----- EXTRACTED DATA

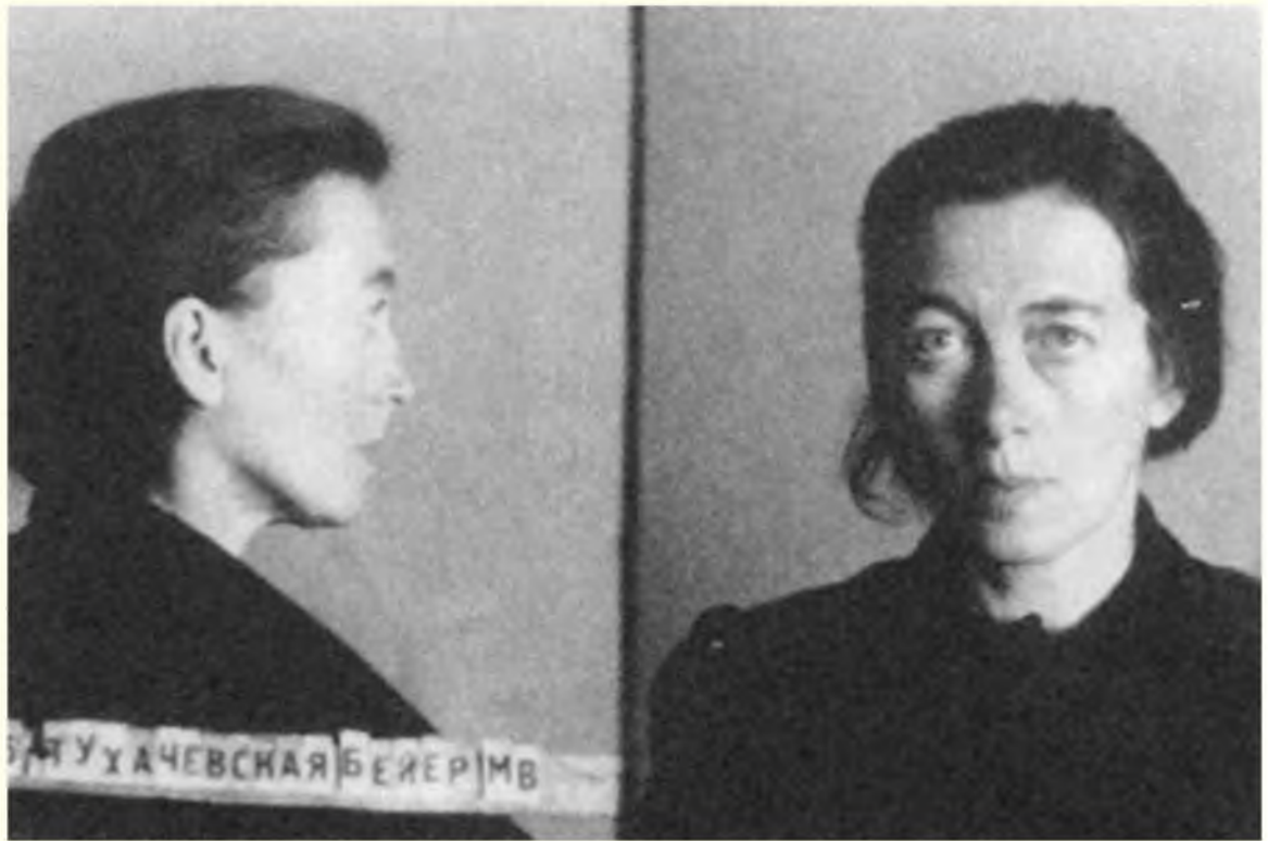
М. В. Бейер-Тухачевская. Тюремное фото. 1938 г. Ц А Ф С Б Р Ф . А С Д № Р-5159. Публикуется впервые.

----------
----- EXTRACTED DATA

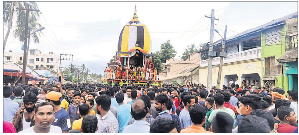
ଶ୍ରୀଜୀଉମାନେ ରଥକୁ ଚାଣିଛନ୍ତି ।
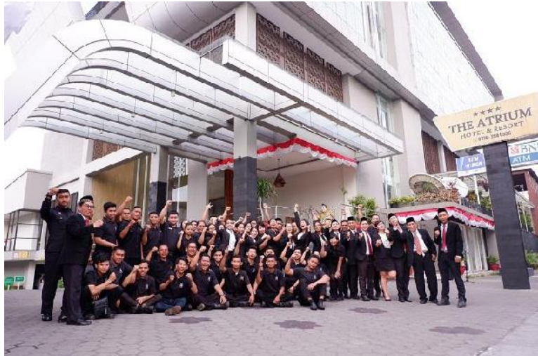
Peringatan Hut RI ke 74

----------
----- EXTRACTED DATA

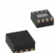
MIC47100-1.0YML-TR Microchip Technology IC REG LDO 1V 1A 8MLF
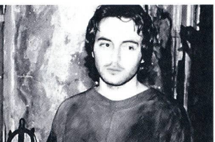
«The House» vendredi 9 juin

----------

## TASK DIRECTIONS
Everything from the line with "MIC47100-1.0YML-TR Microchip Technology" through the line with "vendredi 9 juin" in the material above should be transcribed exactly, except the pictures.

## SOLUTION TO THIS PROBLEM
MIC47100-1.0YML-TR Microchip Technology IC REG LDO 1V 1A 8MLF
«The House» vendredi 9 juin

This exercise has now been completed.